TCs and ACs are differentiated from one another by the presence of necrosis and the amount of mitoses per high-power field (Table 1). LCNECs and SCLCs both have high mitotic rates and large amounts of necrosis, but can be differentiated based on light microscopy, with LCNECs having cytologic features similar to NSCLCs. LCNECs can be differentiated from NSCLC either by the presence of neurosecretory granules on electron microscopy, or by positive staining of neuroendocrine markers.
Up to 24% of TCs and 7% of ACs are asymptomatic, with their detection only coming at autopsy.

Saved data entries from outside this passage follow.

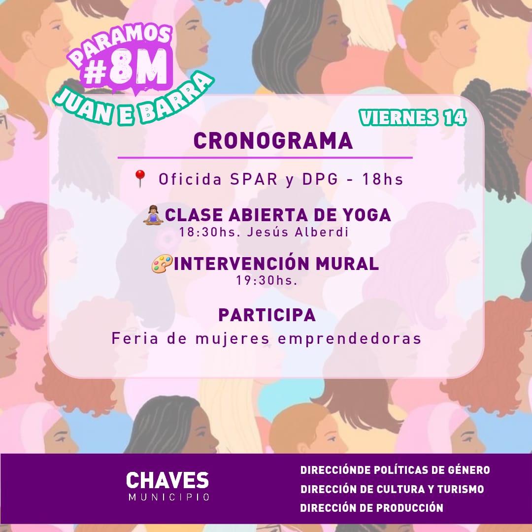 En el marco del Mes de la Mujer y en vísperas del 8M, día en el que se conmemora la lucha internacional por los derechos de las mujeres, se ha trabajado de manera conjunta entre la Dirección de Políticas de Género, la Dirección de Cultura y Turismo, y la Dirección de Producción para ofrecer un enriquecedor cronograma de actividades. Estas iniciativas incluyen una bicicleteada, que partirá el sábado 8 a las 16:45 hs desde la Casita de Lipolcc, ubicada en Avenida Dori 50. A las 17:45 hs, se ofrecerá una clase abierta de yoga a cargo de Ana María Blaiotta, seguida, a las 18:30 hs, por un taller de gestión menstrual y una intervención artística titulada «Su Paso dejó Huellas», coordinada por «Lalo2 Arias. Además, se invita a participar en la Feria de Mujeres Emprendedoras, que promete ser un espacio de encuentro y apoyo a proyectos liderados por mujeres de la comunidad. Estas actividades no solo promueven el reconocimiento y la visibilización de las mujeres, sino que también refuerzan el compromiso con la igualdad y el empoderamiento.
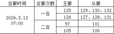 合服时间:3月12日7:00
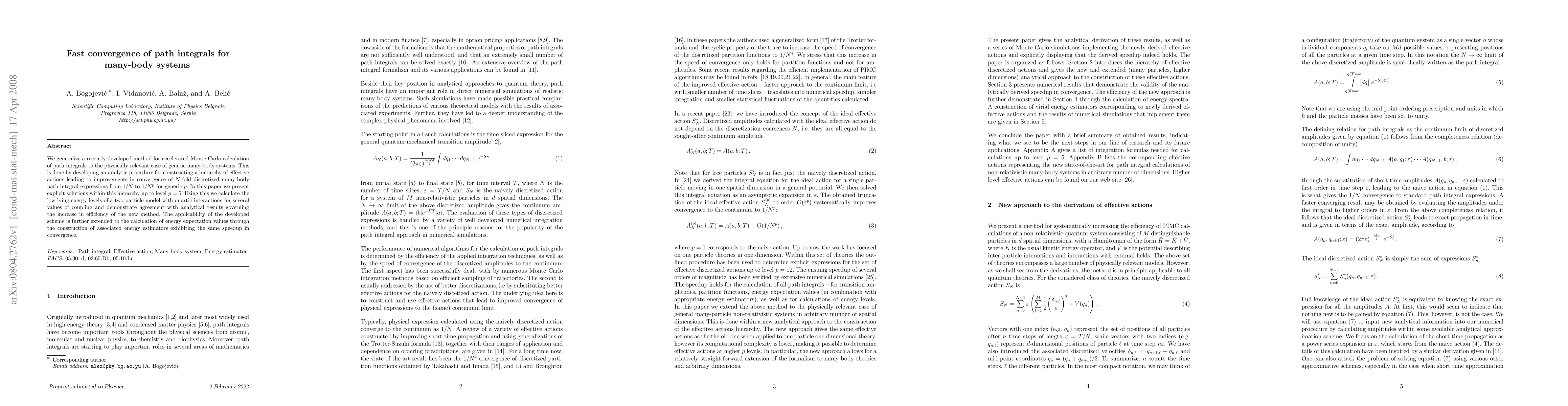 We generalize a recently developed method for accelerated Monte Carlo calculation of path integrals to the physically relevant case of generic many-body systems. This is done by developing an analytic procedure for constructing a hierarchy of effective actions leading to improvements in convergence of $N$-fold discretized many-body path integral expressions from 1/N to $1/N^p$ for generic $p$. In this paper we present explicit solutions within this hierarchy up to level $p=5$. Using this we calculate the low lying energy levels of a two particle model with quartic interactions for several values of coupling and demonstrate agreement with analytical results governing the increase in efficiency of the new method. The applicability of the developed scheme is further extended to the calculation of energy expectation values through the construction of associated energy estimators exhibiting the same speedup in convergence.

Among the rest of neuroendocrine tumors, local symptoms are the common presenting symptoms, including dyspnea, chest discomfort, unilateral wheezing, bronchial obstruction, hemoptysis, cough, or recurrent pulmonary infections.
Pulmonary carcinoids commonly arise from the lobar bronchi (55%) or segmental bronchi (32%), and less commonly, the mainstem bronchi (13%). The right lung is involved in 60% of cases, and the middle and lower lobes may be involved more often than the upper lobe.

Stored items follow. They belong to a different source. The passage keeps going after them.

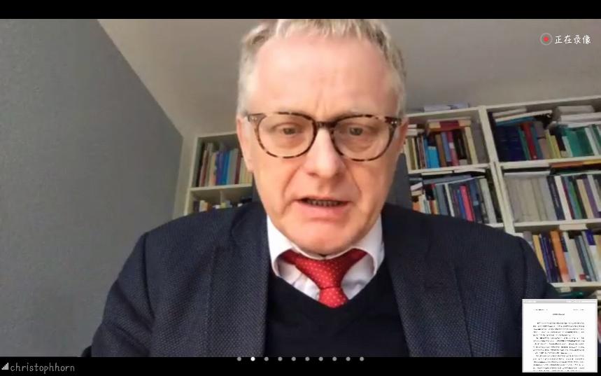 本次线上交流会于北京时间18:30结束,会议现场由华东政法大学张大卫老师、波恩大学博士候选人贺腾、英国上市公司官网365讲师杨宗伟分别为三位专家提供中德口译,全程由英国上市公司官网365讲师陶文佳主持,现场参与人数近200人,反响热烈。本次会谈海报由程葳制作,宣传及技术支持由周莹萃负责。
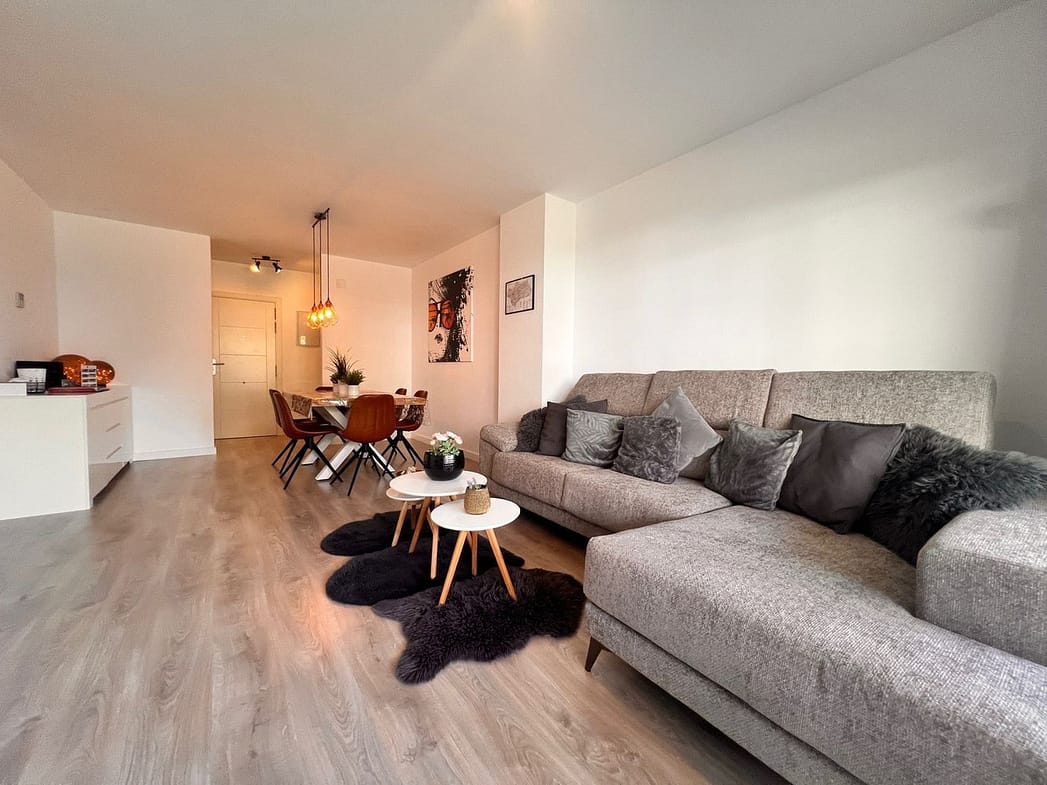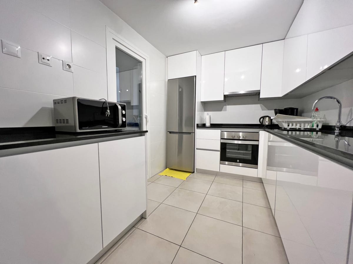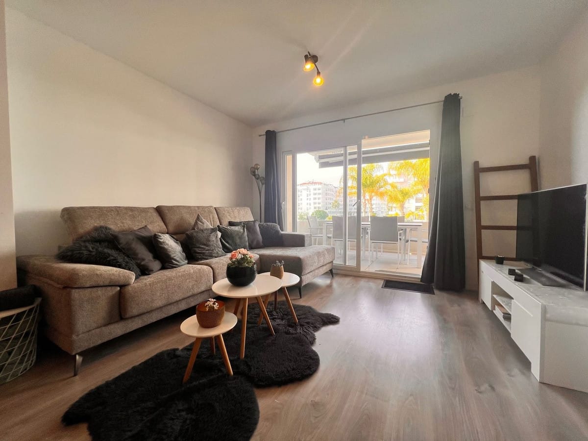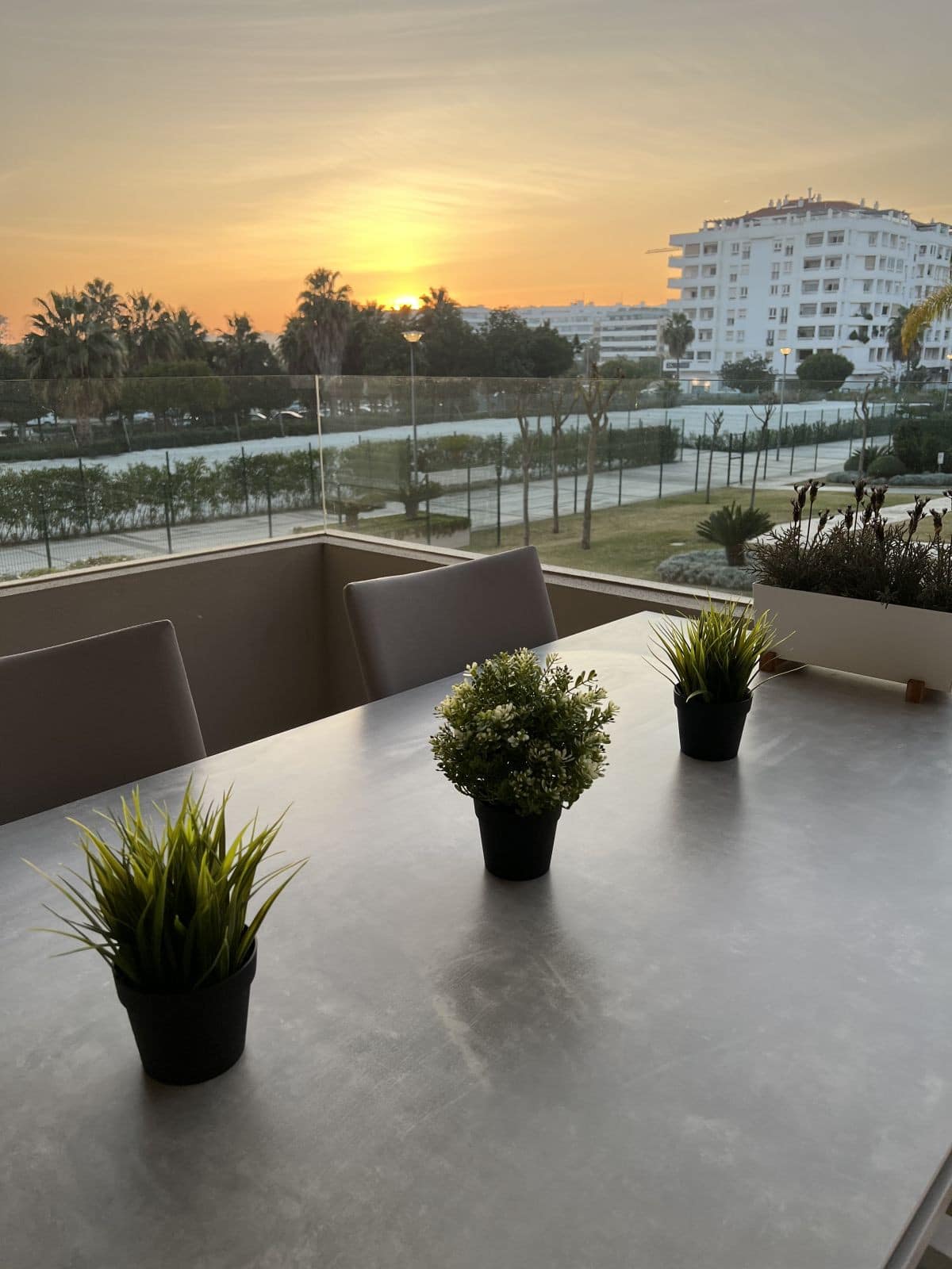 Modern spacious 3 bedroom flat with 2 bathrooms, located in Nueva Andalucia at 45km from Malaga airport and 3,5 km from Puerto Banus, within walking distance of restaurants and shopping.The living room with dining area, a fully equipped kitchen and a separate laundry room. The living room has wifi and a television where the family can spend a pleasant time in this cozy flat.The view from the terrace has out on the beautifully maintained garden.The swimming pool is on the top floor with breathtaking views of La Concha.
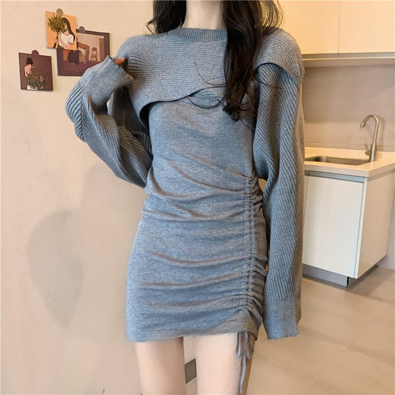 スプリングオータムスリムギャザーレースプリーツドレス レディース 春物 秋物 misskkl7333298638
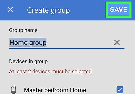 Save the group. To save the group on Google Home, tap Save in the upper-right corner. On Amazon Alexa, tap Create Group. For Sonos Controller, tap Done. To play music on a Google Home Group, locate the group in your list of your devices, tap Enable voice command and then tap Yes, I'm in to link the group to your Google account.
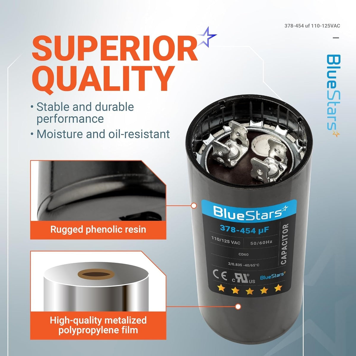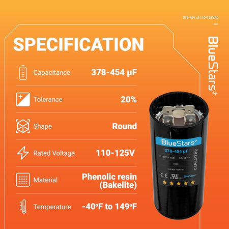 - Capacitance: 378-454 uf/MFD
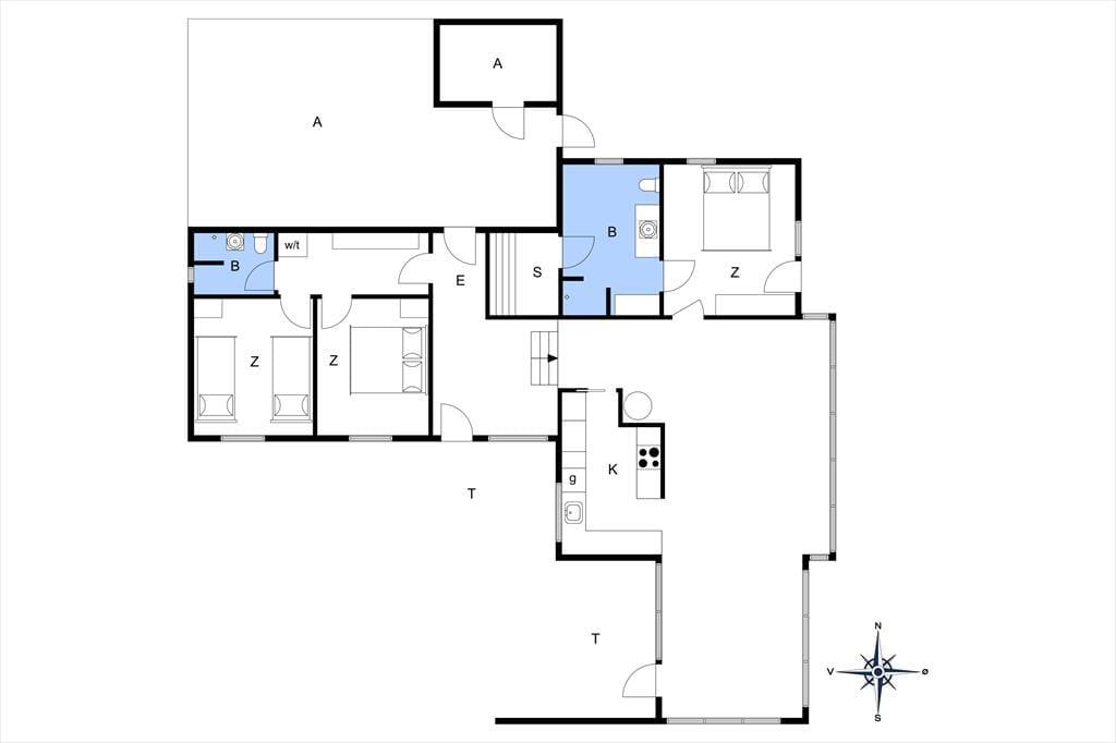 Das Haus empfängt Sie mit einer einladenden Eingangshalle und verfügt über drei gut geschnittene Schlafzimmer – eines davon mit zwei Einzelbetten, die beiden anderen mit jeweils einem Doppelbett. Zwei Badezimmer mit WC, Dusche und Sauna sorgen für Komfort und Entspannung.

Symptomatic clinical syndromes from the production of functional hormones are rare with primary bronchial neuroendocrine tumors, even in those staining positive for bioactive amines. Carcinoid syndrome is found in 1% of patients and is associated with the presence of liver metastases. It is most often caused by the secretion of serotonin, and the classic clinical manifestations include diarrhea, flushing, and palpitations. Less common sequelae include heart dysfunction and coronary valve fibrosis. Rarely, surgical manipulation can cause pulmonary edema or vasomotor collapse, the so-called carcinoid crisis. ACTH production is found in 1% of cases, resulting in Cushing's syndrome, which is clinically manifested by weakness, hypertension, glucose intolerance, hypokalemia, alkalosis, weight loss, anemia, and hyperpigmentation. Growth hormone-releasing factor causing acromegaly has also been rarely described in cases of pulmonary carcinoid tumor.